The starting point of the project carried out with the youth group was the society house, a place created at the end of 19th century on the initiative of ordinary people and rural intelligentsia as part of the emergence of Estonian nation-building and the public sphere.* The landing site for our experiences was Kumu, the main building of the Art Museum of Estonia, which was built to consolidate national identity.
The photo series, which incorporates the stimuli created during the workshop, was taken in an in-between space, a majestic entrance planned to welcome the public to the museum and to connect it with the great Lasnamäe city district, a vast residential area that was created in the Soviet period. However, this connection has yet to take place, and for practical and logistical reasons the entrance on the other side of the museum has become the main entryway. So we decided to hijack this space for our project. The site then became a stage or a transitional identity space where ghosts could resurface, fragile narratives could be built and walls could collapse.

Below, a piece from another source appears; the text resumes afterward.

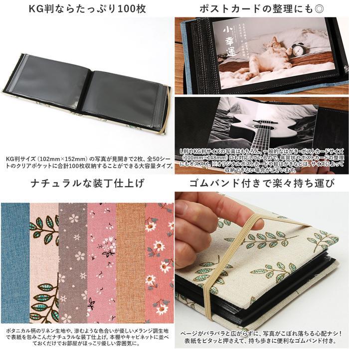 | 商品説明 | ・・思い出のフォトを温かみのあるブックにひとまとめ!KGサイズの写真が最大100枚収納できる「大容量KGサイズポケットアルバム」 ・【気軽に手に取れるブックサイズ】 ・ご家族やお子さまの笑顔のフォトを、小説のように気軽に手に取って眺められるブックサイズにギュッと凝縮。 ・【整理が簡単!ポケットタイプ】 ・クリアアイプのサイドインポケットにサッと写真が差し込める!手軽でキレイに写真が整理できるポケットタイプ。 ・【KG判ならたっぷり100枚】 ・KG判サイズ(102mm×152mm)の写真が見開きで2枚、全50シートのクリアポケットに合計100枚収納することができる大容量タイプ。 ・【ポストカードの整理にも◎】 ・L判やKG判サイズの写真はもちろん、一般的なはがき・ポストカードサイズ(100mm×148mm)にも対応しているので、年賀状やポストカードの整理にもオススメ。(※オリジナルポストカードや絵はがきなどは、サイズによって収納できない場合がございます。) ・【ナチュラルな装丁仕上げ】 ・ボタニカル柄のリネン生地や、滲むような色合いが優しいメランジ調生地で表紙を包みこんだナチュラルな装丁仕上げ。本棚やキャビネットに並べておくだけでお部屋がほっこり優しい雰囲気に。 ・【ゴムバンド付きで楽々持ち運び】 ・ページがパラパラと広がらずに、写真がこぼれ落ちる心配ナシ!表紙をピタッと押さえて、持ち歩きに便利なゴムバンド付き。 ・【思い出のフォトをスッキリ整理】 ・ライフイベントのたびに増えていくたくさんの写真も、豊富なポケット数でスッキリ整理♪お気に入りの柄のアルバムに、記念日やイベントごと、旅行のフォトなら旅先ごとに、大切なフォトの分類作業がグッと楽に。 |

Together with: Anna Borissova, Helen Birnbaum, Lauren Grinberg, Loora Kaubi, Sofja Melikova, Ramona Mägi, Olivia Raudsik, Gert Avar Reinumägi, Simona Stenberg, Ingrid Tamm, Emel-Elizabeth Tuulik, Katre Vahter, Erik Heiki Veelmaa
* Kulbok-Lattik, Egge (2012). Estonian Community Houses as Local Tools for the Development of Estonian Cultural Policy. Nordisk Kulturpolitisk Tidskrift, 2, 253−283.
Video: Ingrid Tamm
#musetoolbox #nooredkumus #LuigiCoppola
The Translocal: Museum as Toolbox project is co-funded by the Creative Europe Programme of the European Commission.
Ещё видео!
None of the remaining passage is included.